Calorific Adjustment: Depending on the composition of local natural gas, propane may be injected in small, metered quantities to adjust the calorific value and Wobbe Index of the biomethane to match grid standards.
Odorization: Biomethane is naturally odorless. For safety and leak detection, small quantities of sulfur-containing compounds (such as tetrahydrothiophene or methyl mercaptan) are added before the gas enters the public distribution network.
Grid Pressure Matching: Product gas is compressed to match the operating pressure of the receiving utility network, which can range from low-pressure distribution grids (1 to 4 bar) to high-pressure national transmission lines (up to 80 bar).
Engineering Inquiries and Custom Facility Design
Upgrading biogas requires custom engineering tailored to the specific parameters of each site. Feedstock composition, output pressure requirements, heat availability, and regional regulations dictate the selection of optimal pre-treatment and upgrading technology. A careful review of these parameters during the planning phase ensures long-term operational performance, minimal gas loss, and steady grid compliance.
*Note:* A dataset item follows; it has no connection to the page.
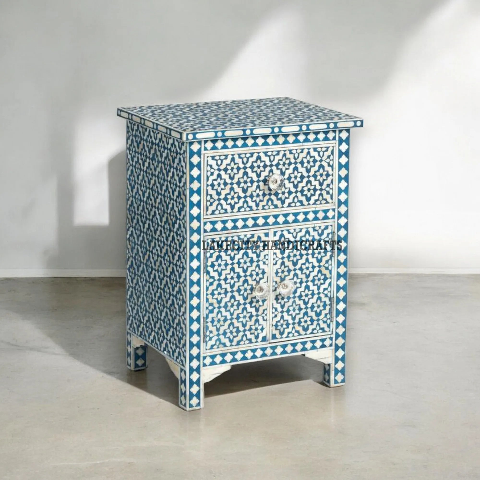 Bone Inlay Arctic 1 Drawer & 2 Doors Nightstand Table Blue | Bone Inlay Arctic 1 Drawer & 2 Doors Bedside Table Blue

We work closely with project developers, municipal authorities, and agricultural cooperatives to design and supply custom biogas upgrading installations. If you are planning an upgrade facility or seeking to improve an existing system, please contact our engineering division to submit an inquiry. Providing details such as your average raw gas flow rate (Nm³/h), average H2S concentration, target methane purity, and available on-site thermal utilities will allow our team to prepare a preliminary process design and equipment configuration tailored to your project.
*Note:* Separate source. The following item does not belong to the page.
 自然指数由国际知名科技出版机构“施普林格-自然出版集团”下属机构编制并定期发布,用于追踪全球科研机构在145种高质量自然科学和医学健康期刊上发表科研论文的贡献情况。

Frequently Asked Questions
Q1: What are the main steps in converting biogas to biomethane?
A1: The process involves four primary phases: raw gas cooling and coarse filtration to drop moisture; active sulfur removal (such as biological treatment or iron oxide adsorption); deep cleaning of trace siloxanes and volatile compounds via activated carbon beds; and primary gas upgrading (membrane separation, PSA, or chemical scrubbing) to remove carbon dioxide. The final product is then analyzed, odorized, and adjusted for calorific value prior to grid injection.
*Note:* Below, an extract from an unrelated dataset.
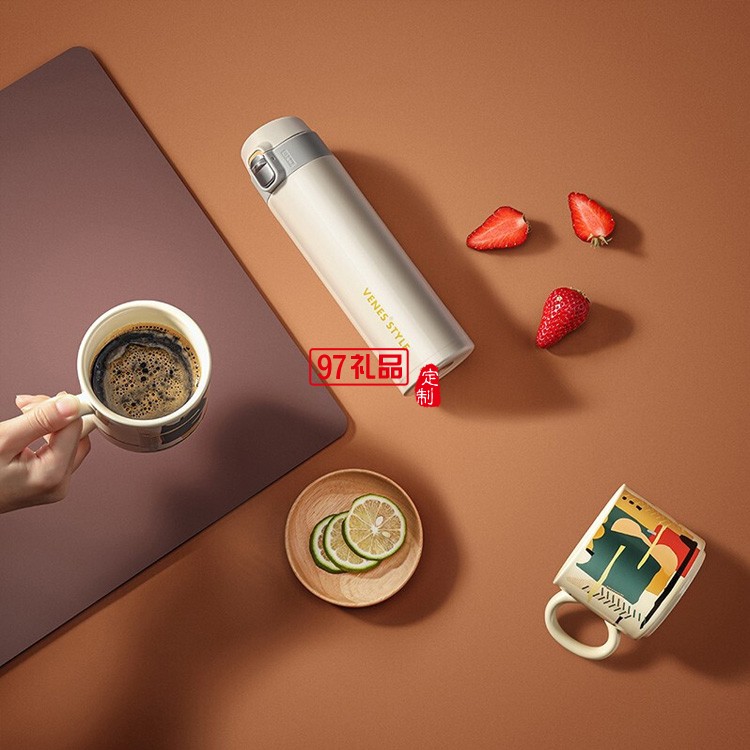 304不銹鋼保溫杯彈蓋杯陶瓷杯馬克杯套裝可定制logo

Q2: How does temperature affect water scrubbing systems?
A2: Water scrubbing efficiency is highly dependent on temperature. Since carbon dioxide solubility in water increases as the liquid temperature drops, water scrubbers operate more efficiently when the water is chilled to between 5°C and 15°C. Warmer water reduces absorption capacity, which can lead to higher methane slip or require increased water circulation rates.
Q3: What causes membrane degradation in upgrading plants?
A3: Hollow fiber membranes are sensitive to liquid water, hydrogen sulfide, and VOCs (including siloxanes and heavy hydrocarbons). If raw gas is not adequately dried or pre-treated, these compounds can condense on the polymer surfaces or cause chemical degradation, which reduces selectivity and decreases the overall lifespan of the membrane modules.
Q4: Why must siloxanes be removed during the pre-treatment phase?
A4: Siloxanes are organic silicon compounds found in consumer products that end up in municipal solid waste and wastewater plants. During gas utilization, siloxanes break down to form hard, abrasive silicon dioxide deposits on downstream components. This causes physical wear on compressor parts and can clog valves and regulation systems, making robust early-stage removal necessary.
Q5: Can nitrogen and oxygen be separated from biogas during the upgrading process?
A5: Traditional membrane and chemical scrubbing technologies are designed primarily for carbon dioxide removal and have limited ability to separate nitrogen and oxygen from methane. If oxygen or nitrogen levels are high (often due to air ingress during digestion or desulfurization), specialized multi-stage PSA systems or cryogenic separation are required to isolate and remove these inert gases.